Now, you might come up with a different way of applying them than I do, but let’s make sure that’s the starting point. I did say any matter of public policy has to pass the golden rule test. Do unto others. Is this a piece of legislation that I would want the results to affect my children, or my grandchildren, or my family, or me? If it’s not, then how could you do it? You got to find a better way. It wasn’t my job to always say what that better way was, but to say to our legislatures and others, you got to work together to figure out what is that better way that passes that golden rule test.


R&P: The church has made racial recognition a priority. What does that process mean moving forward?

MC: In terms of the racial reconciliation work, I really do think the Holy Spirit was working with us, because there had been a long history of work in the Episcopal Church, both church-wide and in local communities. We’ve got a long history of that, and we haven’t always gotten it right, but there’s been a long history of engagement, of at least trying. I think this go-round, what really triggered it, in a deepened way, was the murders of the folk in Charleston. That happened within the week of the General Convention.

I think that was a part of a crystallization that something is deeply and profoundly wrong. It is kind of like the Pauline thing of realizing that, of course you need law, but you got to go deeper, you got to get to the heart.


R&P: You talk a lot about the spirit and about spiritual renewal, and you’ve declared that you take discipleship and evangelism very seriously. That’s language that people don’t always associate with the leaders of liberal mainline churches. Reflect on your use of that language, what that means and, and how that’s being received.

MC: When I was in seminary, back in the ‘70s, there was that old discussion of the appropriation of the language of the tradition. Do you reclaim the language of tradition? Or do you find new language—that gets at what the tradition was talking about, but hasn’t gotten so enculturated and confused by the culture that nobody knows what it means anymore?

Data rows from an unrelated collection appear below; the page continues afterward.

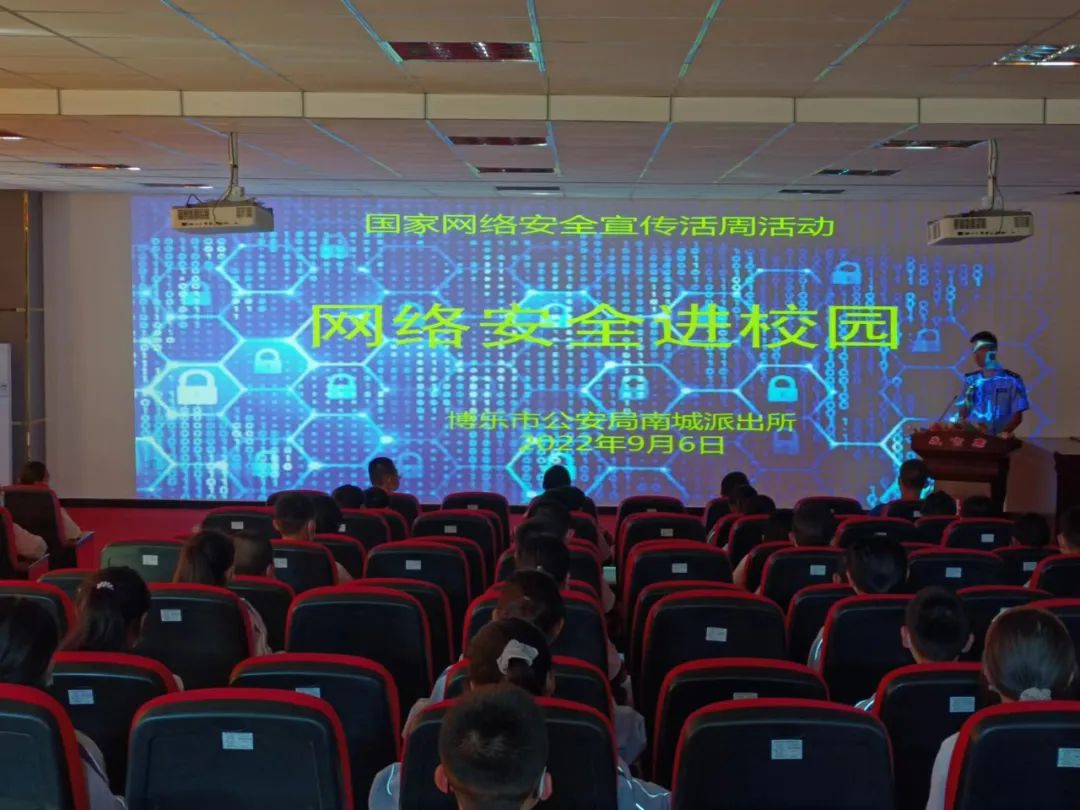 9月5日至12日是国家网络安全宣传周,9月6日博乐市公安局南城派出所民警围绕“网络安全为人民,网络安全靠人民”主题,组织开展网络安全进校园宣讲活动,进一步提升广大师生的网络安全意识,普及网络安全知识。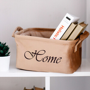 Стильная велюровая корзинка от Handy Home в тёплом бежевом цвете гармонично дополнит интерьер и поможет навести порядок на полках стеллажа или шкафа.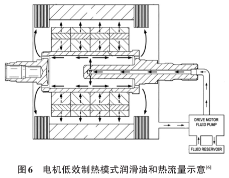 结合特别设计的电机润滑油流道,实现电机低效制热模式下的驱动电机热量转移,通过热交换器,把电机低效制热模式下生成的热量转移到电池回路,用于电池系统加热。电机低效制热模式可实现远大于电机普通驱动模式下的生热,因而可取消电池回路的高压PTC,节省系统成本。电机低效制热模式下的润滑油和热流量流动如图6所示。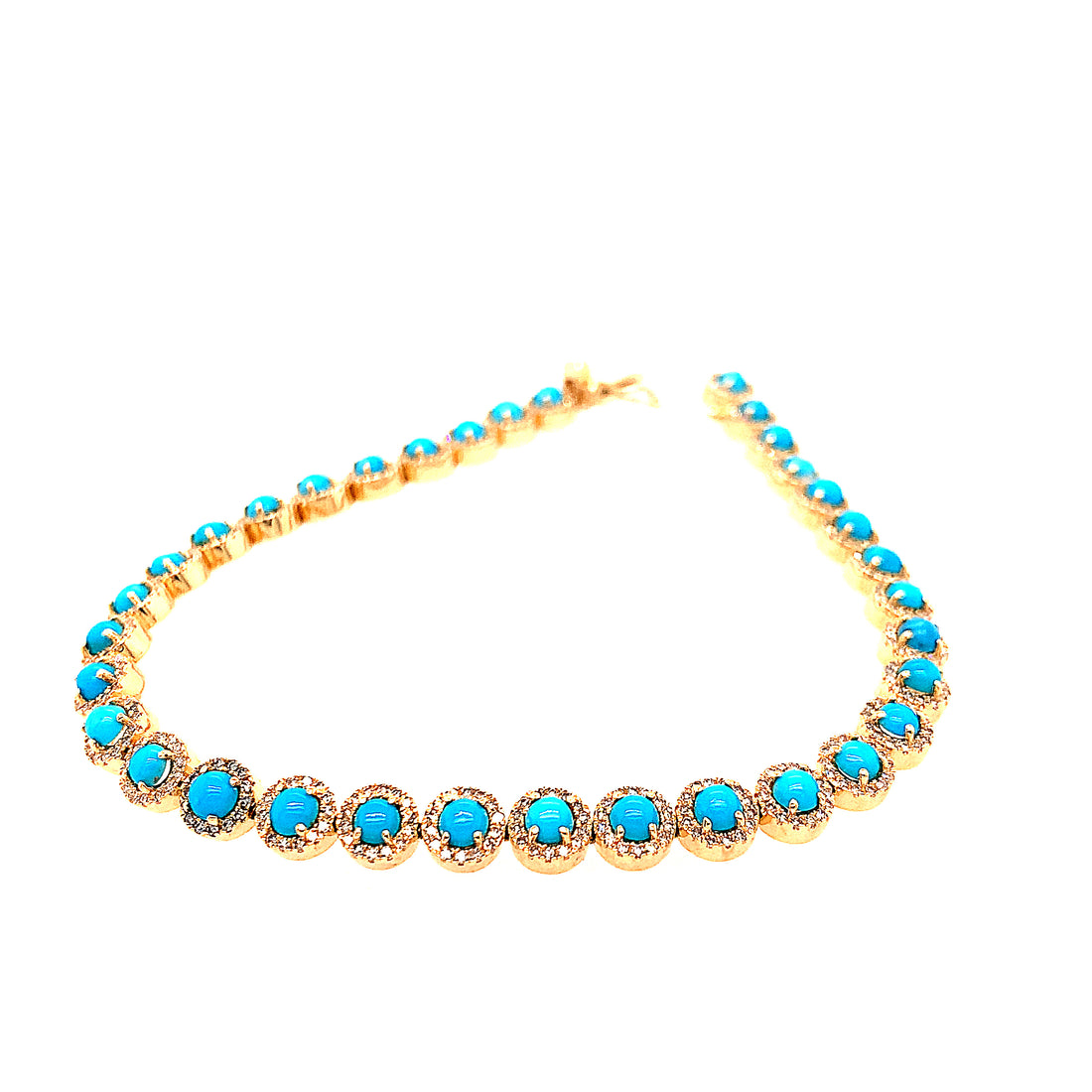14KT Yellow Gold 7" Turquoise & Diamond Bracelet, PS: 4.73ct., Dia: 1.23ct t.w.

I think some of those words actually have a lot of power and depth and gravitas to them. But they may have to be reclaimed. For example, the word evangelism. I really do believe in evangelism, and I believe in the kind of evangelism that I think I see in Jesus. And I could be wrong. I don’t think I am, but I could be. The kind of evangelism that I see in Jesus, is Jesus actually helps people back into a loving, liberating, and life-giving relationship with God. And, in turn, a loving, liberating, and life-giving relationship with other people. He actually does that. That’s what he does. I think our job of evangelism is to help people find their way into that kind of relationship with God and with each other.

That’s not about making the Episcopal Church bigger. Although I suspect you can get blessed from that, that’s not the motivation, or the intention, or the direction. The direction is help folk find that life-giving, loving, liberating relationship with God and with each other. And then, you’ve got to do that in a community of some sort. What community is that? That may depend on how you and Jesus and the spirit work that out.

To be a disciple is to dare to live in what that question is trying to get at: How is the living Jesus of Nazareth, the living Christ, present in this, and where is he going? And how do we follow where he is going? And that is a game changer.

My faith tradition, everything I said to you earlier really has grown out of my experience, both as a person living in this culture, but also in trying to listen to Jesus and what he says. That’s a disciple, that’s what discipleship is, to actually try to learn, and then live into it.

People who try to do that, they don’t get it right all the time. But they start hospitals and food banks, and they stumble their way into human rights, and ways of protecting the environment and the creation of God, and they find themselves speaking for others and with others for whom nobody else would speak. They march to the beat of a different drummer. And those are the people who change worlds. Which is what discipleship is about, in the end.